When the set size n is large, RSS may have ranking errors. As an attempt to overcome this problem several variations of RSS have been proposed by researchers. The main idea of ERSS is that the identification of the maximum rank is much easier than the determination of the all ranks [67]. We can define a new procedure called “ERSS Procedure” for feature selection as:

  1. 1.

    Order the weights in descending order by an inexpensive method.

  2. 2.

    Select “n” features of size n, respectively, called sets.

  3. 3.

    Measure accurately the maximum ordered feature from the first set, the maximum ordered feature from the second set.
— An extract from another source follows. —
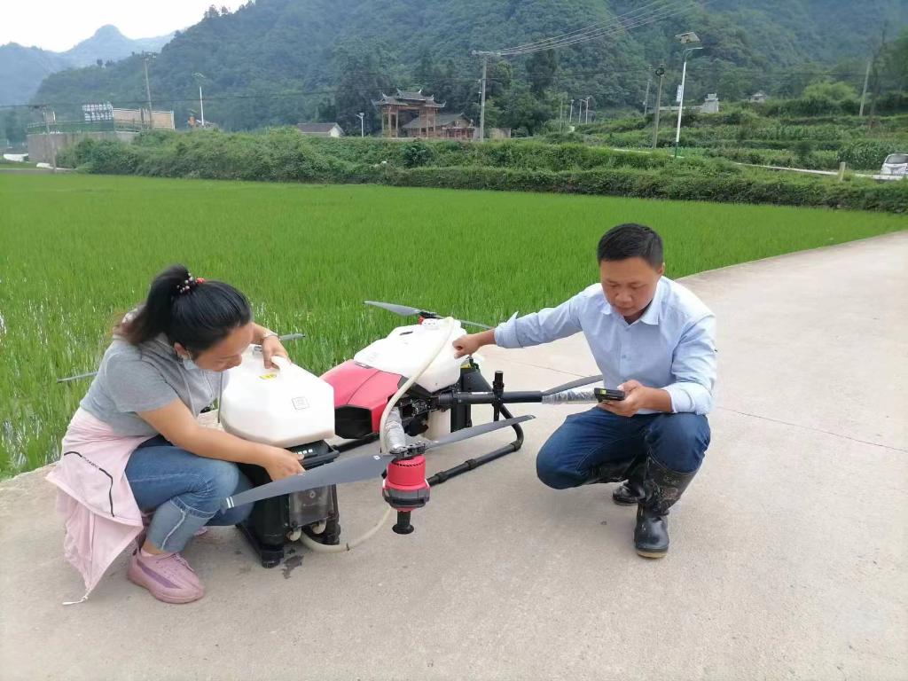 貴州麻江縣賢昌鎮高枧村糧農趙祥榕(右)在使用無(wú)人機。(受訪(fǎng)者供圖)
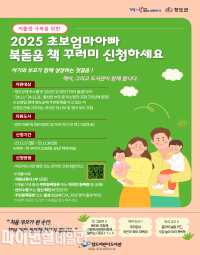 [파이낸셜데일리 박미화 기자] 청도군(군수 김하수)은 새롭게 부모가 된 가정의 건강한 육아 시작을 응원하기 위해 『2025 초보엄마아빠 북돋움 책선물 지원사업』을 추진한다고 13일 밝혔다.

The process continues in this way until the maximum ordered feature from the last n-th set is measured.

Note that we can select same feature size with RSS and unlike the classical ERSS defined by Samawi, et al. [67], in our approach we only take into account maximum values instead of minimum.

2.3.4 Moving Extreme Ranked Set Sampling (MERSS) Procedure for Feature Selection

Another modification of RSS, namely moving extreme ranked set sampling (MERSS), was introduced by Al-Odat and Al-Saleh [68]. Following Al-Odat and Al-Saleh [68], we have suggested following procedure to select feature weights:

  • Order the weights in descending order by an inexpensive method.
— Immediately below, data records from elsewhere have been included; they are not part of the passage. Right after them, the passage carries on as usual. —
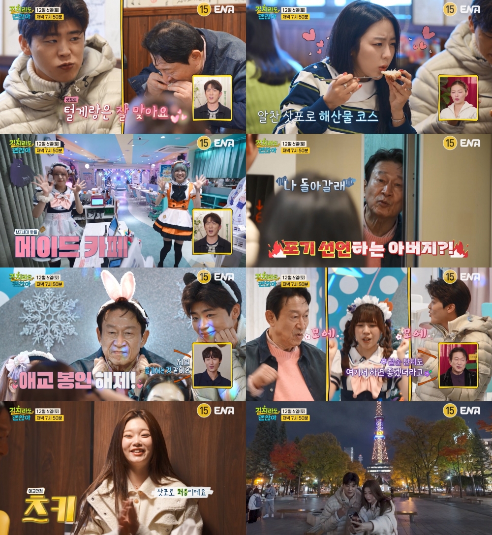 오늘(6일) 방송되는 ENA ‘길치라도 괜찮아’(연출 공대한) 7회에서는 ‘길치 가족’ 박지현-김응수-예원의 삿포로 가족 여행 2일 차가 공개된다. 현지인들도 오픈런한다는 ‘연 매출 140억’ 초대박 맛집을 찾아, 홋카이도산 털게찜부터 신선한 해산물이 가득 올라간 카이센동까지, 특급 식사를 즐길 예정. 보기만 해도 침샘을 자극하는 역대급 먹방에 기대감이 쏠리는 대목이다.
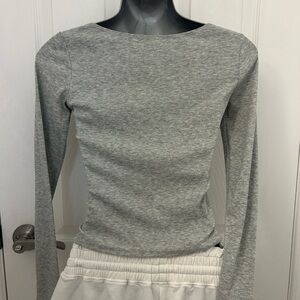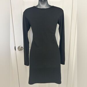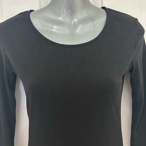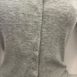 Grey, ribbed crop top with buttons down the front and a soft, black, bodycon dress with long sleeves. Two simple staple wardrobe items for a fraction of the price. Both in great condition. Grey top has scoop neck and long sleeves. 14” pit to pit. 18” from shoulder to hem. Dress is SO soft and easy to pull on with tights or by itself. Long sleeves and goes to knee. 15” pit to pit, 34” from shoulder to hem. Stretchy. Both listed as XS.
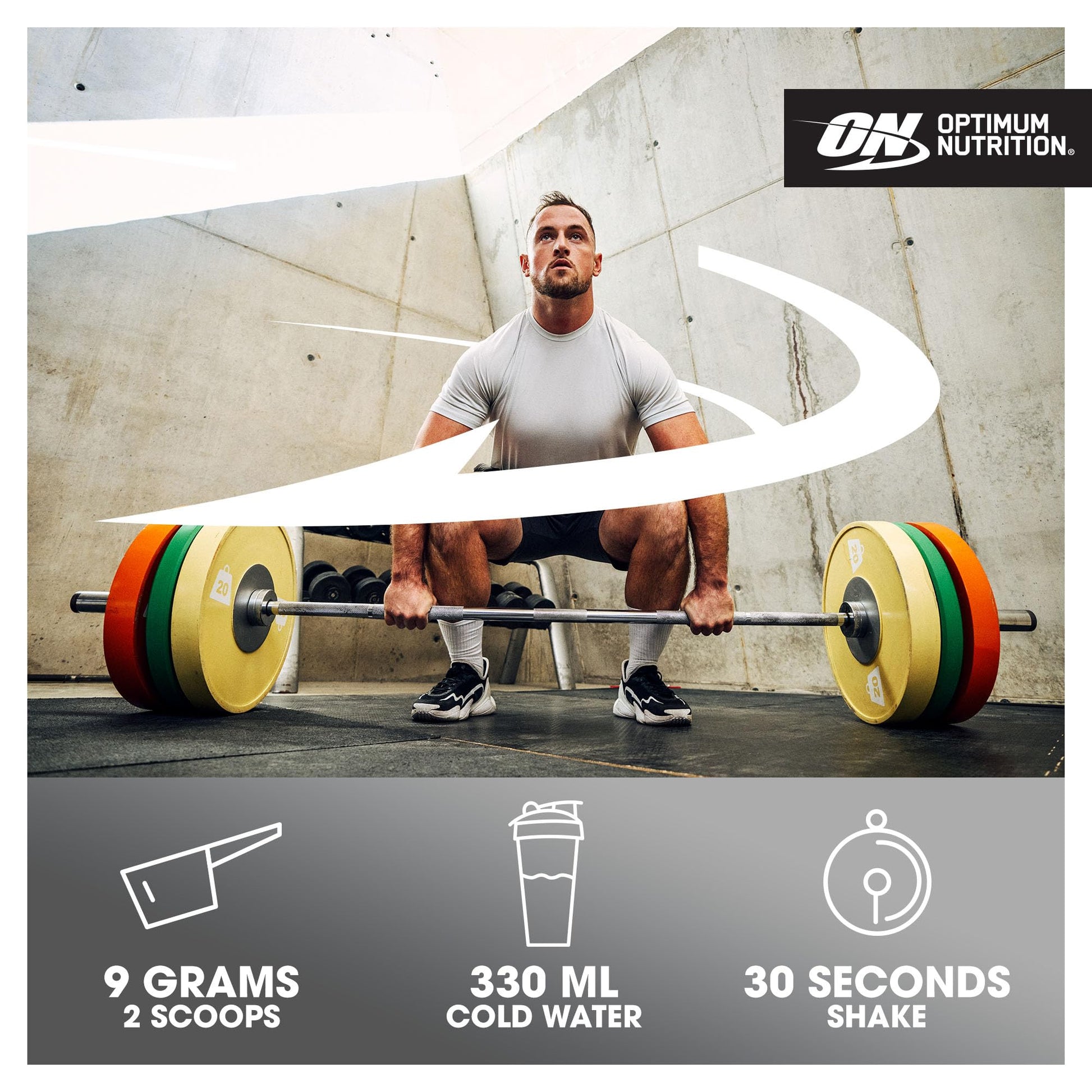 Add 2 level scoops (9 g) to 330 ml (11 oz) of cold water and mix. Recommended consumption of 1 serving per day, either before, during or after your workout
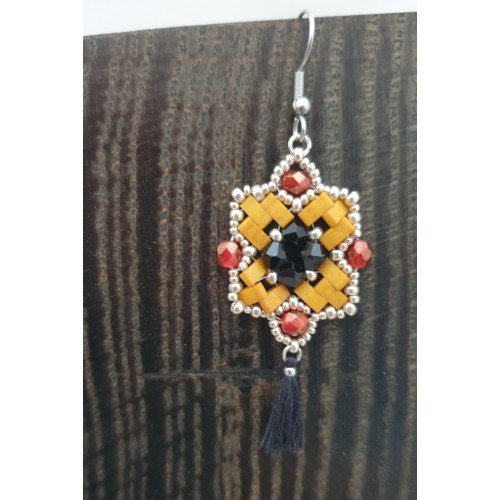 BOUCLE D OREILLE PENDANTE FORME CARRE MOUTARDE ET BRIQUE

  • Select “n” features of size 1, 2, 3, …, n, respectively, called sets.

  • Measure accurately the maximum ordered feature from the first set, the maximum ordered feature from the second set. The process continues in this way until the maximum ordered feature from the last n-th set is measured.

This modification of RSS, in addition of being easier to execute than both usual RSS and fixed size extreme RSS, keeps some of the balancing inherited in the usual RSS. Hence, it can be concluded that the MERSS algorithm exhibits superior efficiency compared to other methods in the task of feature selection, resulting in a significantly enhanced performance in the classification of grapevine leaves images.
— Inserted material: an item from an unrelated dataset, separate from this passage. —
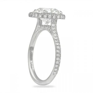 The Double Edge Halo engagement ring features two rows of diamonds surrounding the center stone; one row facing the top with the second row facing the side of the center stone.
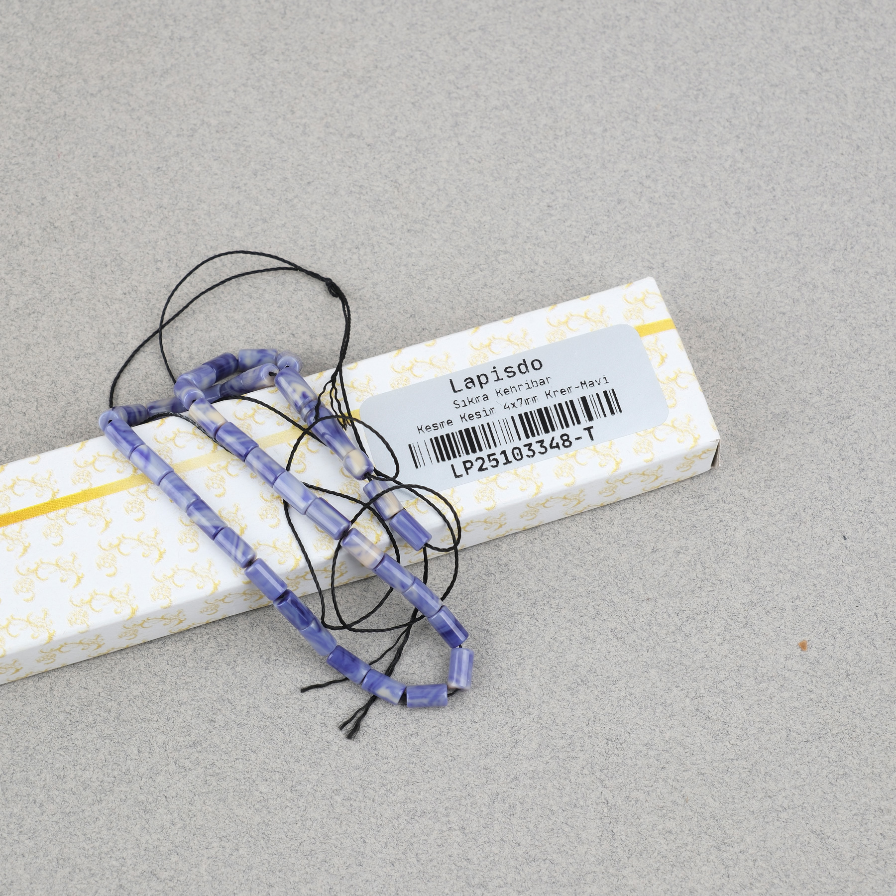 Sıkma Kehribar Kesme Kesim 4x7mm Tesbih- Krem- Mavi

According to our proposed feature selection methods, we select significant features, which are subsequently subjected to classification using an ANN with high efficiency.

2.4 Classification via Artificial Neural Network (ANN)

Artificial neural networks (ANNs), as introduced by McCulloch and Pitts [69], emerged as a result of studying brain functionality and subsequently found application in computer programs [6, 70, 71]. In addition, it is important to note that any ANN comprises numerous individual units, commonly referred to as neurons or processing elements (PE). These units are interconnected through weights, which facilitate the neural structure of the network. Furthermore, these interconnected units are typically organized in layers to ensure proper coordination and functioning of the ANN [72].

ANN originates from a prosperous lineage of nonlinear algorithms. When utilized in the domain of machine learning, particularly in the context of supervised learning, the outcomes have exhibited considerable success in recent times. Additionally, artificial neural networks (ANN) possess a flexible architecture that can be effectively employed to accommodate a wide range of real-world datasets [73]. One may consider referring to the book authored by H. Jiang (2021) in order to acquire specific information.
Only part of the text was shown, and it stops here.